Skipping all images, output the listing word for word.

GIVEN DATA: Begin

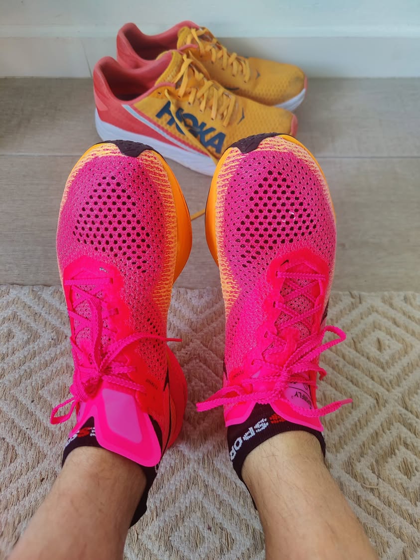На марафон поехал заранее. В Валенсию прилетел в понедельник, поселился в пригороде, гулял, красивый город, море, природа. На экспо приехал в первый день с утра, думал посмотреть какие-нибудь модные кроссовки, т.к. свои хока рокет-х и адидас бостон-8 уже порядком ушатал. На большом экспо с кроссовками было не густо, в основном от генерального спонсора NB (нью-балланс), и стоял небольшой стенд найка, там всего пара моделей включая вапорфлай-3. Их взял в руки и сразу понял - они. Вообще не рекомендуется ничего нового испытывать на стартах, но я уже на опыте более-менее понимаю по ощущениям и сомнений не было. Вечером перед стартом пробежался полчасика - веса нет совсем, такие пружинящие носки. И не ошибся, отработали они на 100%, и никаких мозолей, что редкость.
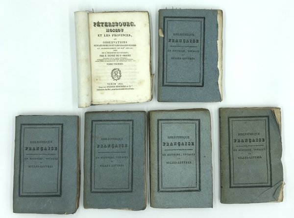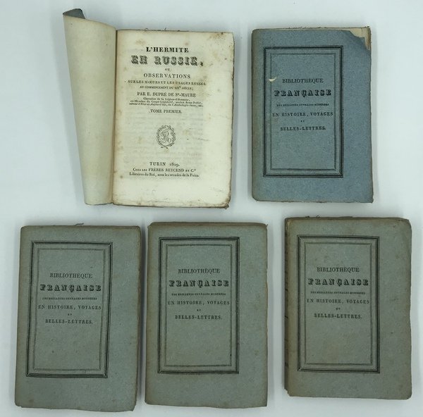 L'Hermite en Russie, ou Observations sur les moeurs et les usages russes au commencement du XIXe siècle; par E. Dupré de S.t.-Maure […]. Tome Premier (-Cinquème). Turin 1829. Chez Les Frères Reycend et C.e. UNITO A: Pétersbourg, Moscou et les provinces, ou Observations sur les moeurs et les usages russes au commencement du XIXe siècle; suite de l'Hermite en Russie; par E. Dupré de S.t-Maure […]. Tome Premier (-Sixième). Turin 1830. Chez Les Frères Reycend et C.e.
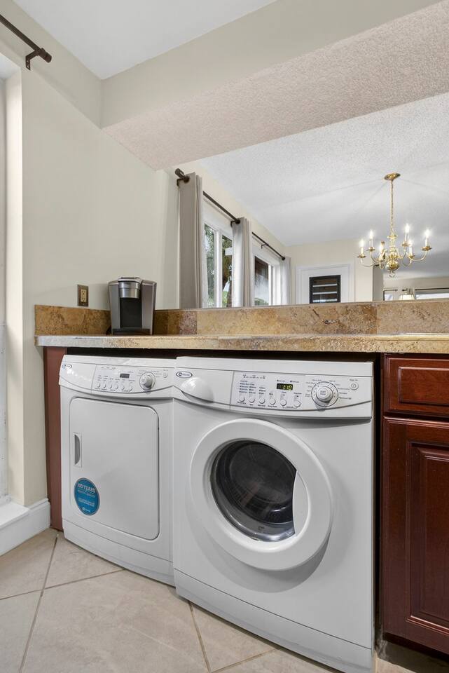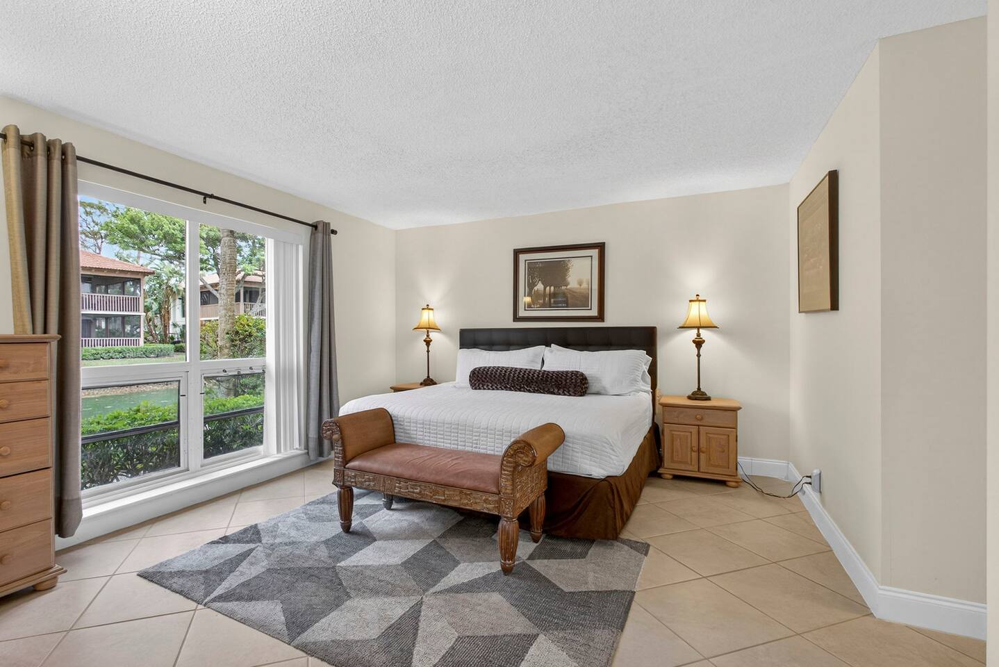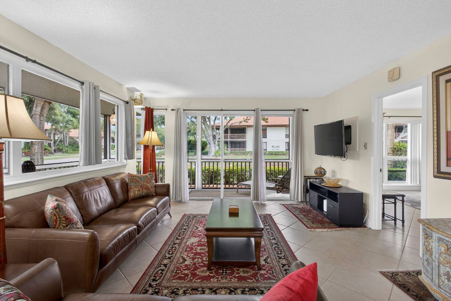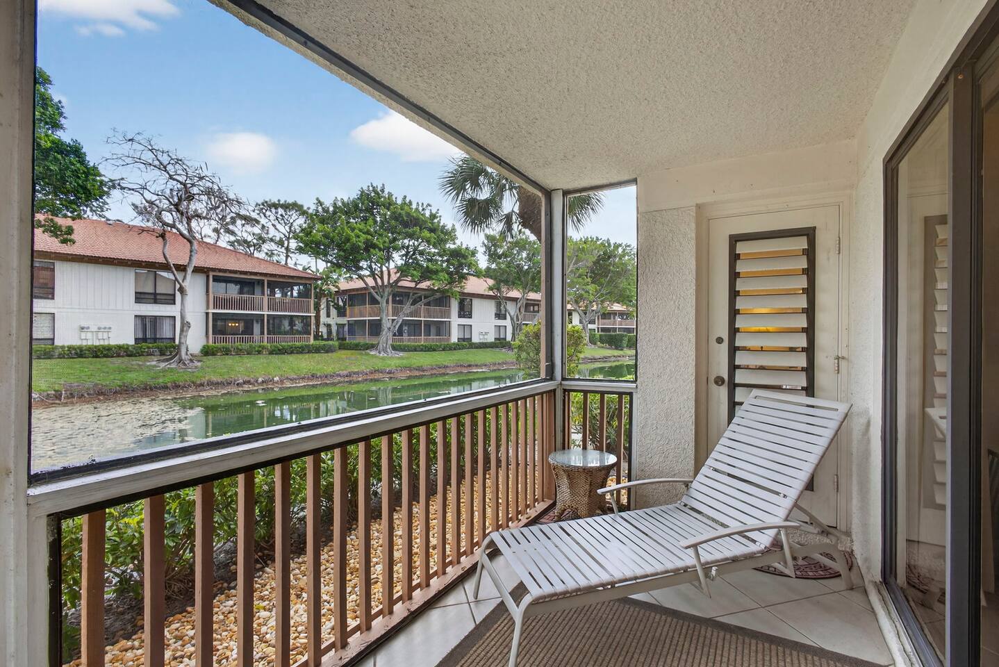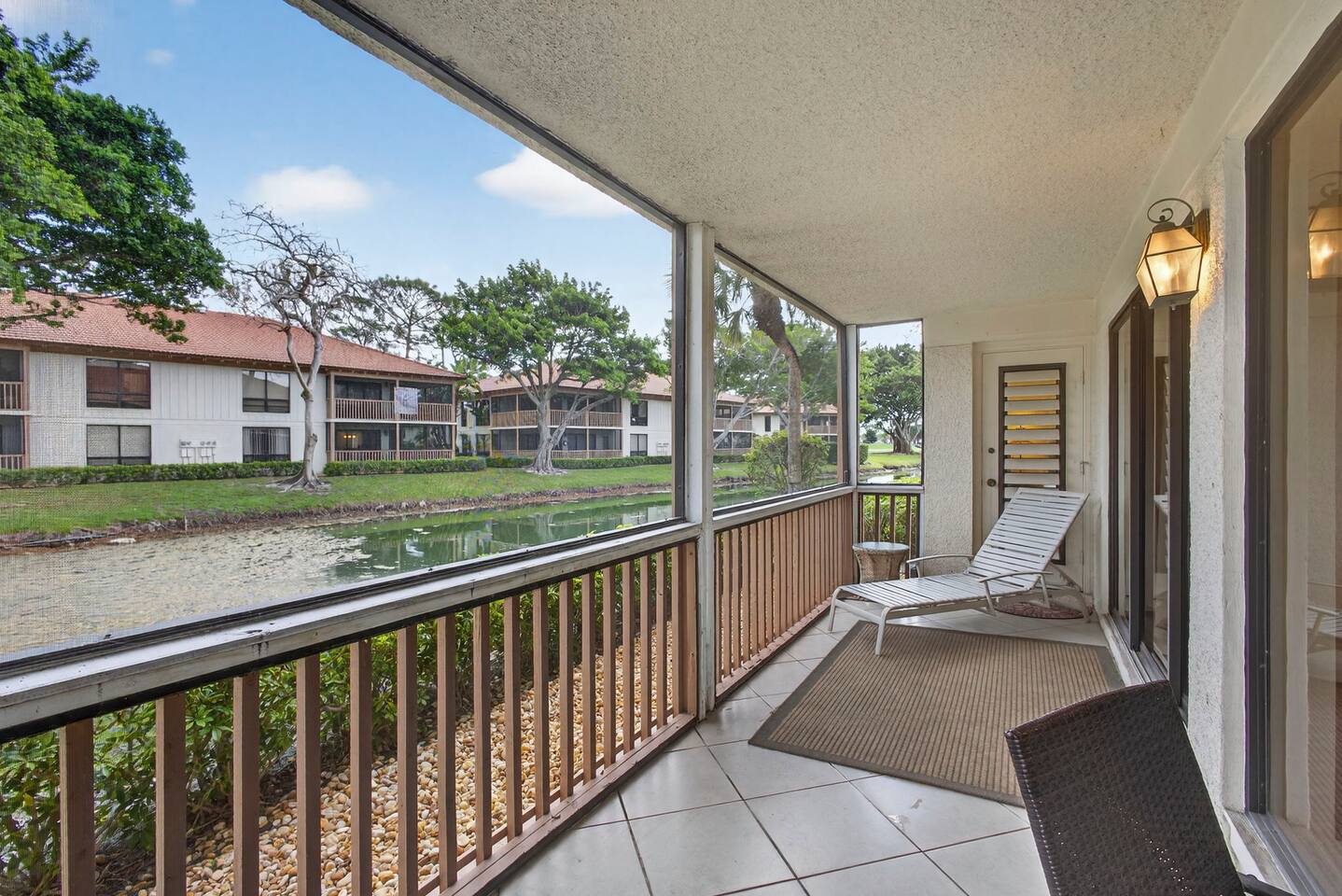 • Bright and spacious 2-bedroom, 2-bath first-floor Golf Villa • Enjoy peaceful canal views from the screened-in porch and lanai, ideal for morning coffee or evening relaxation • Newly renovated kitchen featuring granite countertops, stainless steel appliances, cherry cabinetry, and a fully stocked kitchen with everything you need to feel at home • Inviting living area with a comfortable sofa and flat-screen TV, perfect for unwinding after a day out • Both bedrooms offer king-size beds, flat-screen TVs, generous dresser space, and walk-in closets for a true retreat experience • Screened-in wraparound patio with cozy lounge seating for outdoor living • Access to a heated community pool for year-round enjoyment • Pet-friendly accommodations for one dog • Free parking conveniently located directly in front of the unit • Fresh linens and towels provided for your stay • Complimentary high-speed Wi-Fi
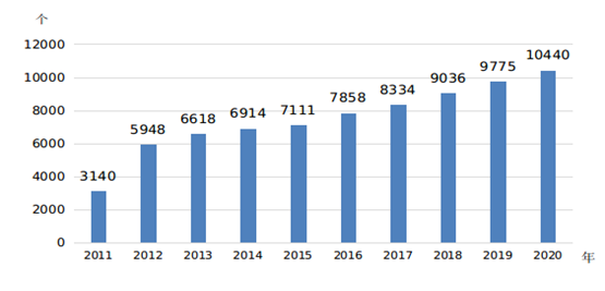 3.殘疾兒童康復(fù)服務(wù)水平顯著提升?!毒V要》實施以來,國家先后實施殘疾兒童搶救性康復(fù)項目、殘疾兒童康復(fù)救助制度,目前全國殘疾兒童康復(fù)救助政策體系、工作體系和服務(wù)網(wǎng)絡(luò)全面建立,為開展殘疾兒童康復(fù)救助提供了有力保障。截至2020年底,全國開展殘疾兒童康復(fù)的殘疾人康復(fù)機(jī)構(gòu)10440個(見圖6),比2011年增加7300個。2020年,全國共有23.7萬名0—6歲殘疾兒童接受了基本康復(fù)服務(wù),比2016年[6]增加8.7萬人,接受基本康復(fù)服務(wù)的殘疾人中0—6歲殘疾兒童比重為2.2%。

GIVEN DATA: End

**TASK RESPONSE:**
На марафон поехал заранее. В Валенсию прилетел в понедельник, поселился в пригороде, гулял, красивый город, море, природа. На экспо приехал в первый день с утра, думал посмотреть какие-нибудь модные кроссовки, т.к. свои хока рокет-х и адидас бостон-8 уже порядком ушатал. На большом экспо с кроссовками было не густо, в основном от генерального спонсора NB (нью-балланс), и стоял небольшой стенд найка, там всего пара моделей включая вапорфлай-3. Их взял в руки и сразу понял - они. Вообще не рекомендуется ничего нового испытывать на стартах, но я уже на опыте более-менее понимаю по ощущениям и сомнений не было. Вечером перед стартом пробежался полчасика - веса нет совсем, такие пружинящие носки. И не ошибся, отработали они на 100%, и никаких мозолей, что редкость.
 L'Hermite en Russie, ou Observations sur les moeurs et les usages russes au commencement du XIXe siècle; par E. Dupré de S.t.-Maure […]. Tome Premier (-Cinquème). Turin 1829. Chez Les Frères Reycend et C.e. UNITO A: Pétersbourg, Moscou et les provinces, ou Observations sur les moeurs et les usages russes au commencement du XIXe siècle; suite de l'Hermite en Russie; par E. Dupré de S.t-Maure […]. Tome Premier (-Sixième). Turin 1830. Chez Les Frères Reycend et C.e.
 • Bright and spacious 2-bedroom, 2-bath first-floor Golf Villa • Enjoy peaceful canal views from the screened-in porch and lanai, ideal for morning coffee or evening relaxation • Newly renovated kitchen featuring granite countertops, stainless steel appliances, cherry cabinetry, and a fully stocked kitchen with everything you need to feel at home • Inviting living area with a comfortable sofa and flat-screen TV, perfect for unwinding after a day out • Both bedrooms offer king-size beds, flat-screen TVs, generous dresser space, and walk-in closets for a true retreat experience • Screened-in wraparound patio with cozy lounge seating for outdoor living • Access to a heated community pool for year-round enjoyment • Pet-friendly accommodations for one dog • Free parking conveniently located directly in front of the unit • Fresh linens and towels provided for your stay • Complimentary high-speed Wi-Fi
 3.殘疾兒童康復(fù)服務(wù)水平顯著提升?!毒V要》實施以來,國家先后實施殘疾兒童搶救性康復(fù)項目、殘疾兒童康復(fù)救助制度,目前全國殘疾兒童康復(fù)救助政策體系、工作體系和服務(wù)網(wǎng)絡(luò)全面建立,為開展殘疾兒童康復(fù)救助提供了有力保障。截至2020年底,全國開展殘疾兒童康復(fù)的殘疾人康復(fù)機(jī)構(gòu)10440個(見圖6),比2011年增加7300個。2020年,全國共有23.7萬名0—6歲殘疾兒童接受了基本康復(fù)服務(wù),比2016年[6]增加8.7萬人,接受基本康復(fù)服務(wù)的殘疾人中0—6歲殘疾兒童比重為2.2%。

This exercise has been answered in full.